(Data records begins)

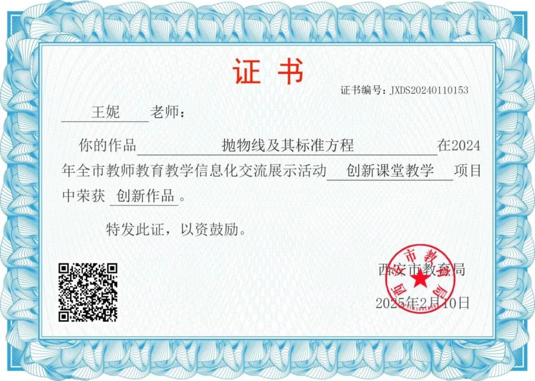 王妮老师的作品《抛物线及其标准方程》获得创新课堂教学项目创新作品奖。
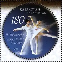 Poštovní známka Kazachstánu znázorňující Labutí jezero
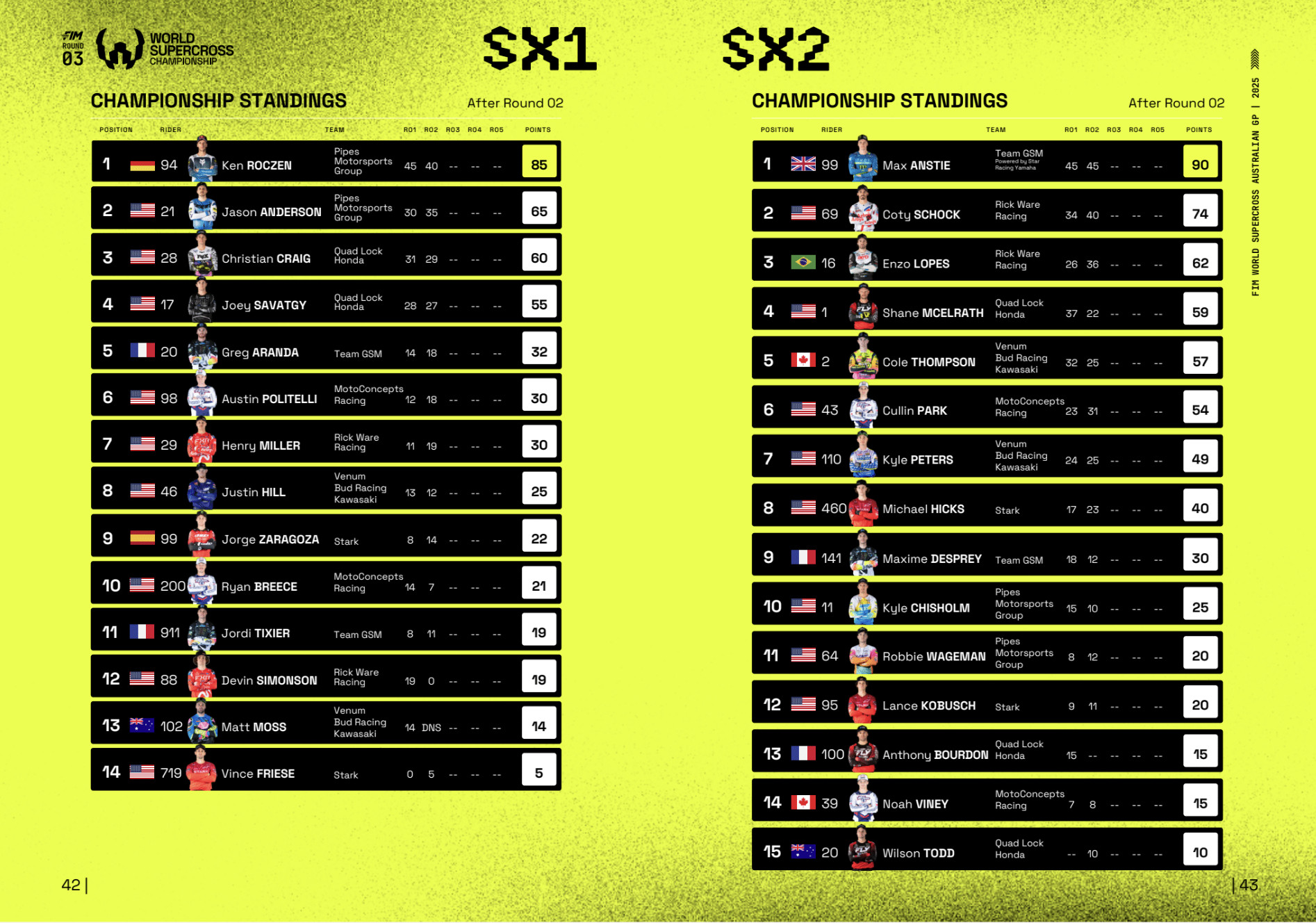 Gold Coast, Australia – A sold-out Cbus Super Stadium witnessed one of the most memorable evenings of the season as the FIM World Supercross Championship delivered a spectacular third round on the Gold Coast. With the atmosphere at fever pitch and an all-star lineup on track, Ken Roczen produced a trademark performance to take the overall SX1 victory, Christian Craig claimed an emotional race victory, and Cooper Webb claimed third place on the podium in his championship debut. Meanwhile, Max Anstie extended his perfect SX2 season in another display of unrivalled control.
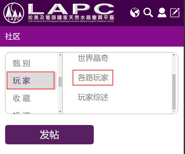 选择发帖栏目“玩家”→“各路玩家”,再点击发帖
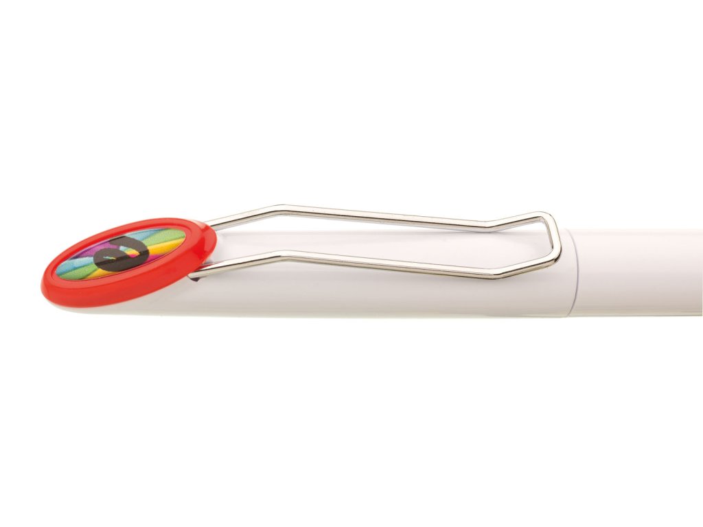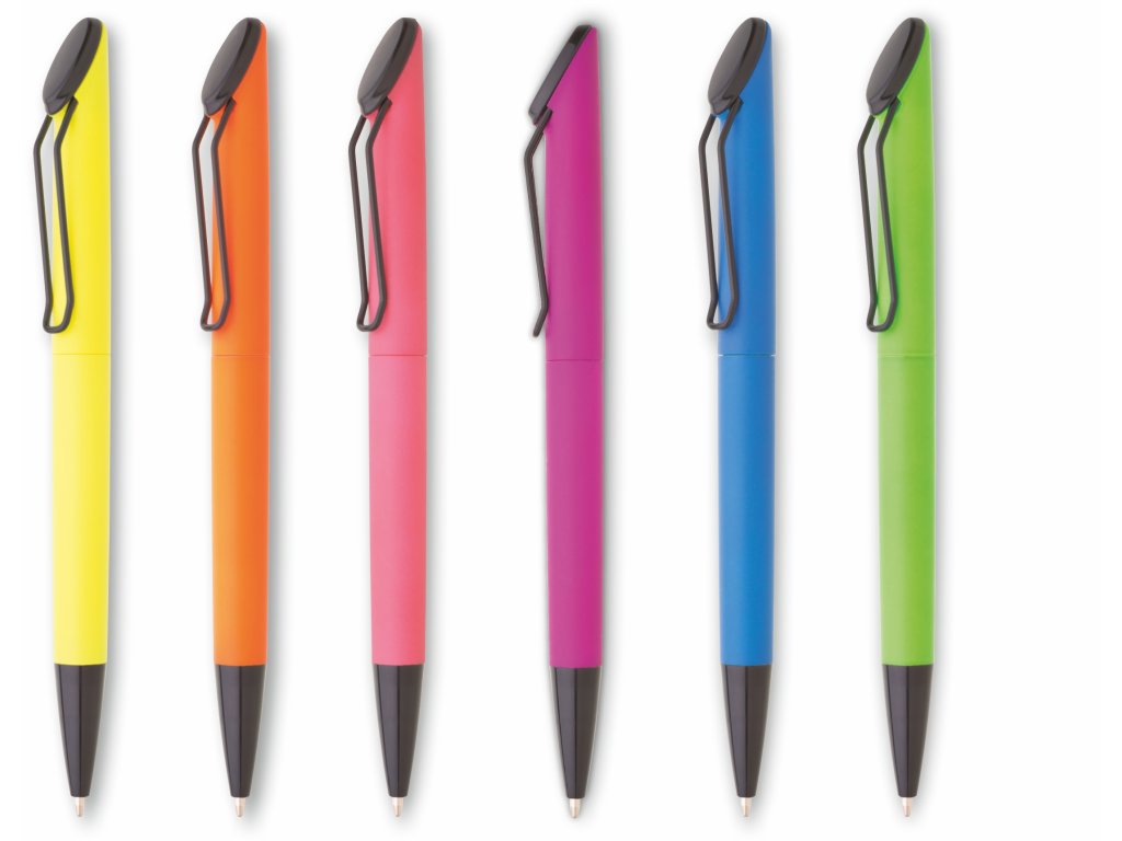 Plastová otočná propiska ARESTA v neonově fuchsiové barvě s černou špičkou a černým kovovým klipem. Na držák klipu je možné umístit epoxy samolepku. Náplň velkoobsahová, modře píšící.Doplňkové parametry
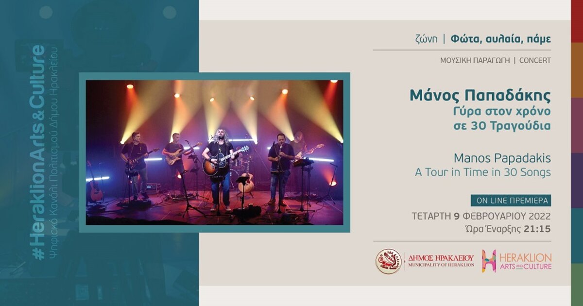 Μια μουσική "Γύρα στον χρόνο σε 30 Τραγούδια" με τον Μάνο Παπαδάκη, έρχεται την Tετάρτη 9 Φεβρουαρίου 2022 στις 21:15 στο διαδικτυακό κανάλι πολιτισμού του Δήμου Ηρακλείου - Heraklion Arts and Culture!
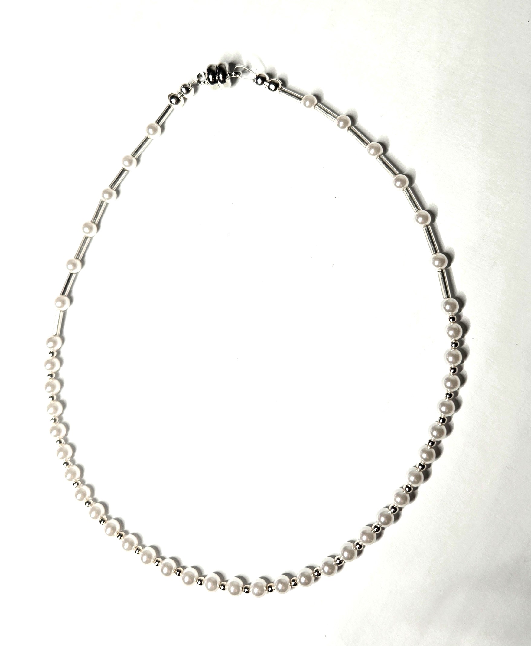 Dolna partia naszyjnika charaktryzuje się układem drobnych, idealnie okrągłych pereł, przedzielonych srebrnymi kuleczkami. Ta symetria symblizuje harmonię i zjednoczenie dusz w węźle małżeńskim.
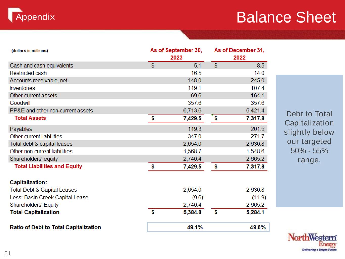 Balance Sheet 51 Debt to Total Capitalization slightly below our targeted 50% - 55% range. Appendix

(Data records ends)

__Assigned task__. Quote every record above exactly, omitting any pictures they contain.

__Exercise result__.
 王妮老师的作品《抛物线及其标准方程》获得创新课堂教学项目创新作品奖。
 Poštovní známka Kazachstánu znázorňující Labutí jezero
 Gold Coast, Australia – A sold-out Cbus Super Stadium witnessed one of the most memorable evenings of the season as the FIM World Supercross Championship delivered a spectacular third round on the Gold Coast. With the atmosphere at fever pitch and an all-star lineup on track, Ken Roczen produced a trademark performance to take the overall SX1 victory, Christian Craig claimed an emotional race victory, and Cooper Webb claimed third place on the podium in his championship debut. Meanwhile, Max Anstie extended his perfect SX2 season in another display of unrivalled control.
 选择发帖栏目“玩家”→“各路玩家”,再点击发帖
 Plastová otočná propiska ARESTA v neonově fuchsiové barvě s černou špičkou a černým kovovým klipem. Na držák klipu je možné umístit epoxy samolepku. Náplň velkoobsahová, modře píšící.Doplňkové parametry
 Μια μουσική "Γύρα στον χρόνο σε 30 Τραγούδια" με τον Μάνο Παπαδάκη, έρχεται την Tετάρτη 9 Φεβρουαρίου 2022 στις 21:15 στο διαδικτυακό κανάλι πολιτισμού του Δήμου Ηρακλείου - Heraklion Arts and Culture!
 Dolna partia naszyjnika charaktryzuje się układem drobnych, idealnie okrągłych pereł, przedzielonych srebrnymi kuleczkami. Ta symetria symblizuje harmonię i zjednoczenie dusz w węźle małżeńskim.
 Balance Sheet 51 Debt to Total Capitalization slightly below our targeted 50% - 55% range. Appendix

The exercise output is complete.